Ruby and The Principle of Unwelcome Surprise - mkorfmann
http://ceaude.twoticketsplease.de/articles/ruby-and-the-principle-of-unwelcome-surprise.html

======
petercooper
Welcome to Bloggers and the Principle of FUD. Take this post with a pinch of
salt.

It's trendy to pick holes at Ruby in various, inaccurate ways lately, but a
quote from Matz about that POLS business:

 _Everyone has an individual background. Someone may come from Python, someone
else may come from Perl, and they may be surprised by different aspects of the
language. Then they come up to me and say, "I was surprised by this feature of
the language, so therefore Ruby violates the principle of least surprise."
Wait. Wait. The principle of least surprise is not for you only. The principle
of least surprise means principle of least my surprise. And it means the
principle of least surprise after you learn Ruby very well. For example, I was
a C++ programmer before I started designing Ruby. I programmed in C++
exclusively for two or three years.
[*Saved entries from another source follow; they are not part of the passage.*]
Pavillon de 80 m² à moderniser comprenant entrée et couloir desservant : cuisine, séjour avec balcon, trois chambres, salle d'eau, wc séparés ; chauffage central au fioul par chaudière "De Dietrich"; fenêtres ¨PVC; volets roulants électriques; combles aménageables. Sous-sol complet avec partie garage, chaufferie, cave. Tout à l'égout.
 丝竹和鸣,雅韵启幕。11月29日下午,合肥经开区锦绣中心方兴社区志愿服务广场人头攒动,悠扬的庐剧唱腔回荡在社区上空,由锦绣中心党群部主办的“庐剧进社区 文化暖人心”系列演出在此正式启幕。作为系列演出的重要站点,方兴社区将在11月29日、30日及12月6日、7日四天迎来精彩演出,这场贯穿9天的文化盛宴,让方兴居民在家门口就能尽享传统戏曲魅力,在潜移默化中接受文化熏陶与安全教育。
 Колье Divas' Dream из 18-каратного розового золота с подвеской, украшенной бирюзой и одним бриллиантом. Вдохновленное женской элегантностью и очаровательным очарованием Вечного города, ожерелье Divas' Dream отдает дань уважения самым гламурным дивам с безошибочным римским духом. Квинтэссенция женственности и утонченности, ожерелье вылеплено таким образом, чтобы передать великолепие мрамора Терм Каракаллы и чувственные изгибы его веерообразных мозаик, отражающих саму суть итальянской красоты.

And after two years of C++ programming, it
still surprised me._

You can pick up almost any programming language, not learn it properly, and
then pick holes in its various inconsistencies or flaws (my own is over
Python's ambiguities over methods vs functions for various things - but I know
I'm not a Python developer!) That doesn't make it interesting or insightful.
Every language has dark corners and Matz has been more than forthcoming about
Ruby's.

This article has numerous curious assumptions and sloppy practices. Local
variables called the same as method names? And very few Rubyists, in my
experience, would be confused by the key example in the memoization section.
Who really thinks || checks for whether a variable is bound rather than doing
a logical or? How is it a "what's worse" that instance_eval changes _self_ to
instance_eval's receiver? That's its entire reason for existing! The second
example under "Local Variables Strike Yet Again" is flat out wrong, even by
the author's own admission.. Ruby 1.9 has been the production release for
almost three years!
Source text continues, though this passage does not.